Alors que l’Etat japonais tardait à honorer la mémoire d’un des siens – sans doute, honorer un fonctionnaire qui a désobéi est un casse-tête dans un pays dont le confucianisme est une des sources –, un documentaire lui fut consacré en 1983 par Fuji télévision, Un visa qui détruit le destin. Des articles publiés en Europe, des lettres indignées d’anciens réfugiés juifs sauvés par le « Schindler japonais » conduisirent finalement le gouvernement japonais à restaurer pleinement l’honneur de Sugihara et à exprimer des excuses à sa famille, par le discours prononcé par le ministre des Affaires étrangères Yohei Kono, le 10 octobre 2000. Plus récemment, le film Persona non grata (Toho) lui fut consacré en 2015. Ensuite, le Premier Ministre Abe Shinzo répara l’oubli en visitant l’ancienne demeure de Sugihara à Kaunas, en janvier 2018, et en se déclarant « fier » de l’action menée par ce diplomate. Un « Chiune Sugihara Memorial Hall » fut ouvert à Yaotsu (Gifu) en 2000, qui accueille quarante mille visiteurs chaque année. En Lituanie, dans de multiples lieux du Japon et d’Israël, la mémoire de Sugihara est célébrée. Symbole de cette reconnaissance, la déclaration officielle de l’Union orthodoxe juive des Etat-Unis, accompagné d’un soutien financier, au lendemain du Tsunami de mars 2011 : « Tendre la main au peuple qui pleure, c’est suivre la miséricorde du Seigneur. En 1940, le consul Sugihara et son épouse ont trahi sa position et ont délivré un visa de transit pour sauver la vie de 6000 Juifs. Il est temps que nous honorions notre obligation. »

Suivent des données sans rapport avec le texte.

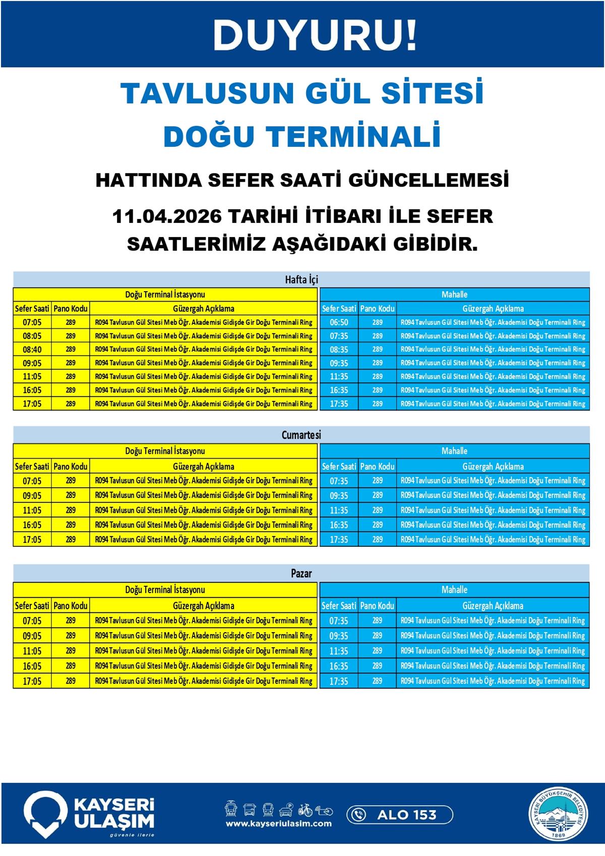 TAVLUSUN GÜL SİTESİ DOĞU TERMİNALİ HATTINDA SEFER SAATİ GÜNCELLEMESİ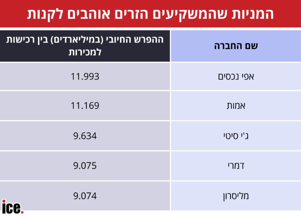 בדקנו מהן 5 מניות הבנייה והנדל"ן שהמשקיעים הזרים הכי אוהבים מאז תחילת המלחמה. בטבלה כאן למטה, אנחנו מציגים לכם את ההפרשים החיוביים בין סך הרכישות לסך המכירות. בחלק הבא, נציג לכם את המניות שהמשקיעים הזרים הכי אוהבים למכור.

Historiquement, Sugihara a joué un rôle essentiel dans la genèse des relations entre le Japon et Israël, aujourd’hui concrétisées par une diplomatie et une collaboration militaire renforcées.
- Sugihara Yukiko : Visa pour 6000 vies, Picquier poche, 2002 (mémoires publiés d’abord à Tokyo en 1993)
- Hiroaki Kuromiya et Andrzej Peplonski « The Great Terror », Cahiers du monde russe, 50/4, 2009
J ai pu visiter la toute petite maison du vice-consul à Kaunas. Rien n a ete modifie depuis cet episode de sa vie.Extremement touchant . Ce sont les israéliens qui veillent à l entretien du bâtiment et à la fondation pour la mémoire du consul Chuime.
Merci beaucoup de ce commentaire et de ces précisions. Je trouve très beau le fait que cette mémoire puisse ainsi perdurer. Cet homme a sauvé des vies en prenant des risques. L’entretien de cette maison est la preuve que les descendants des rescapés n’ont pas oublié. Sugihara Chiune est une personnalité hors du commun.